Сестра плакала, кажется, потому, что ей в чулане было страшно (она боялась темноты), а главное — ей было непонятно, почему она должна делить со мной наказание. А может быть, ей было жалко меня, утешить же не было никакой возможности: я рвался и бил по сундуку башмаками.
Сквозь рев я слышал, как гулко захлопнулась дверь в комнату, где был чулан. Это означало, что мама раскаянья не выражает и не хочет слышать моих неистовых рыданий. Теперь освободить меня могло только время. Не действует открытый протест — подействует жалость. И я присмирел, приготовившись быть несчастным страдальцем.
В темноте тишина родит жуть.
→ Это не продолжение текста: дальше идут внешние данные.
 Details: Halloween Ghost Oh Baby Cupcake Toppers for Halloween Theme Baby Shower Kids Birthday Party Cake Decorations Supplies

В чулане могли быть мыши. Всего безопаснее было прижаться поближе к сестре и держаться за ее рукав. Так мы и сидели, тихо всхлипывая и прислушиваясь, не раздадутся ли шаги матери.
Думаю, что именно тогда и родились между нами близость и взаимное понимание, позже спаявшие нас крепкими узами нерушимой дружбы.
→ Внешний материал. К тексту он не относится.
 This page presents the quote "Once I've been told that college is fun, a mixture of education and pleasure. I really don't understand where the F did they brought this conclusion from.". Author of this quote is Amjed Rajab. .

Когда протекла вечность, — не менее четверти часа, — задвижка чулана щелкнула и спокойный голос матери сказал:
— Катюша, выведи _э_т_о_г_о_ _м_а_л_ь_ч_и_к_а.
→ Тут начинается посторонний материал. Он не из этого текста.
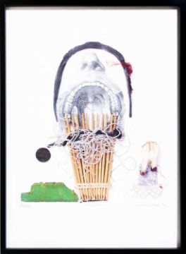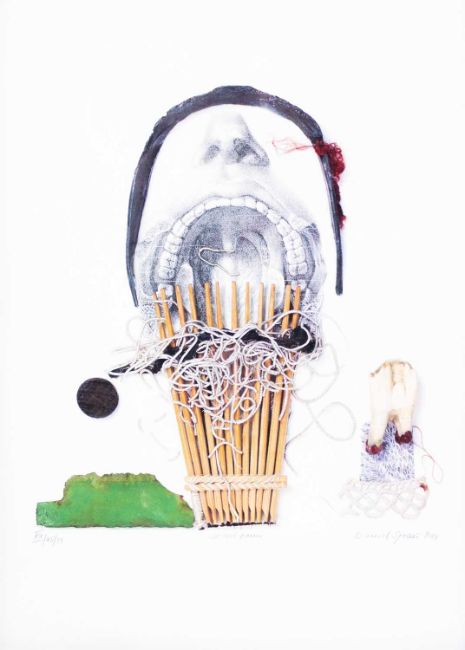 Am unteren Blattrand mit Bleistift signiert, betitelt, datiert und nummeriert: Daniel Spoerri, Maulzaun, 2001, XIV/45/99.

У меня было свое имя — Костя. В минуты ласки меня звали Котиком. Но сейчас я был только _э_т_и_м_ _м_а_л_ь_ч_и_к_о_м, безымянным, преступным, нераскаянным. Это могло бы стать поводом для новых горьких слез, если бы Катюша, обняв меня и подтолкнув к двери, не прошептала на ухо:
— Пойдем, Котик. Ты не плачь, мама больше не сердится.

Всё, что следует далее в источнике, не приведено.